High Performance Energy-Efficient Leakage-Tolerant Dual Keeper Pseudo Domino Logic

Abstract

In this paper, an improved high performance energy-efficient leakage-tolerant dual keeper pseudo domino logic circuit is proposed. Circuit design methodologies such as pseudo domino, stacking effect and inverted clock-controlled dual keeper are used in the proposed work for significant reduction of the circuit’s propagation delay and leakage current. Using pseudo-domino logic voltage swing at the output is reduced, stacking effect reduces the leakage current and charge sharing issues in the circuit are reduced by an inverted clock-controlled dual keeper circuit. Leakage current in the proposed circuit is decreased by 21.9%, 20.8%, 71.6%, 52.4% and 57.5% to the conventional logic, DOIND logic, DVT DOIND logic, DFD logic and C3D domino logic, respectively at a 27°C temperature and 1GHz clock frequency.
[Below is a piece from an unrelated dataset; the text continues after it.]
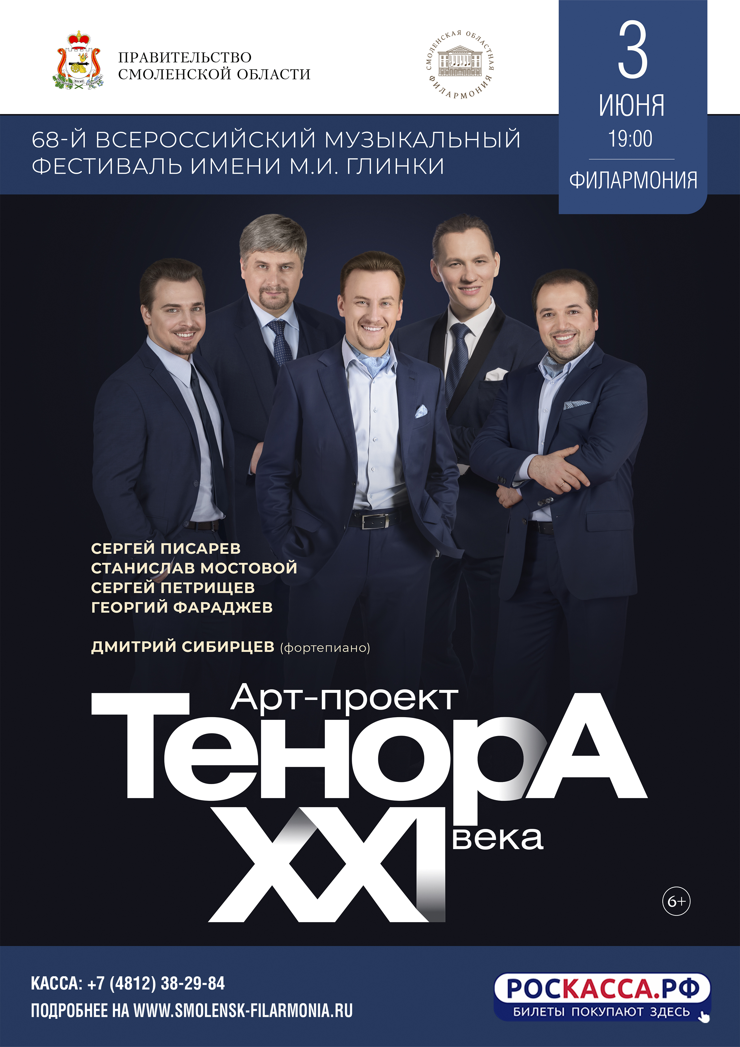 3 июня в Концертном зале Смоленской областной филармонии в рамках 68-го Всероссийского музыкального фестиваля имени М.И. Глинки свою программу представит коллектив Арт-проекта «Тенора XXI века».
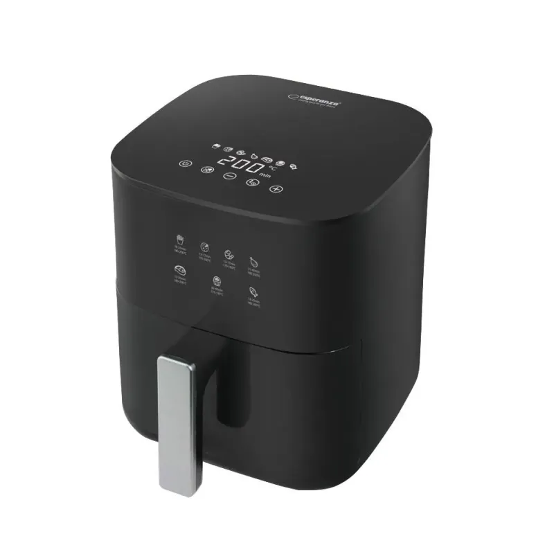 Frytkownica beztłuszczowa Esperanza PATATE FRITTE to idealne rozwiązanie dla osób, które pragną cieszyć się smakiem smażonych potraw w zdrowszej wersji. Urządzenie pozwala przygotować chrupiące frytki, soczystego kurczaka czy aromatyczne warzywa bez użycia tłuszczu – szybko, wygodnie i bez kompromisów w smaku. Dzięki wysokiej mocy i cyrkulacji gorącego powietrza potrawy są równomiernie opiekane, a ich przygotowanie zajmuje zaledwie kilka minut. Nowoczesny wygląd urządzenia sprawia że doskonale prezentuje się w każdej kuchni, a intuicyjny panel sterowania z 7 gotowymi programami ułatwia obsługę. Regulacja temperatury i minutnik dają pełną kontrolę nad procesem pieczenia a dzięki antypoślizgowym nóżkom urządzenie stoi stabilnie na blacie. To funkcjonalne i praktyczne urządzenie, które pokochają wszyscy domownicy ZDROWSZE SMAŻENIE BEZ OLEJU 7 AUTOMATYCZNYCH PROGRAMÓW NOWOCZESNY DESIGN I PROSTA OBSŁUGA Zakres napięcia znamionowego: 220-240 V Częstotliwość znamionowa: 50/60 Hz Stopień ochrony: I Pobór mocy: 1350 W Minutnik: 0 - 60 minut Temperatura: 80°C - 200°C Nóżki gumowe antypoślizgowe Pojemność pojemnika do smażenia: 3.5 l Długość kabla zasilającego (widoczna): 90 cm Wymiary produktu (dł. x szer. x wys.): 30.5 x 23.0 x 26.5 [cm] Wymiary panelu sterowania (dł. x szer.): 9.5 x 5.0 [cm] 7 gotowych menu (frytki / pizza / krewetki / kurczak / stek / ciasto / ryba

Similarly, delay in the proposed circuit is reduced by 83.3%, 80.1%, 89.8%, 81.3% and 81.5% in comparison to conventional logic, DOIND logic, DVT DOIND logic, DFD logic and C3D domino logic circuit, respectively. Performance metrics like power dissipation, delay, PDP, leakage current, static power, and EDP of the proposed circuit are analysed and compared with the existing domino logics. Monte-Carlo simulation is performed using 1000 samples to analyse the performance of the proposed circuit. The proposed logic circuit is also tested against temperature and process variations. The median values of the proposed buffer circuit’s power and delay are 5.6µW and 1.28ps, respectively and the standard deviation of average power and propagation delay are 633.62nW and 84.37fs, respectively at 27°C and 1GHz clock frequency.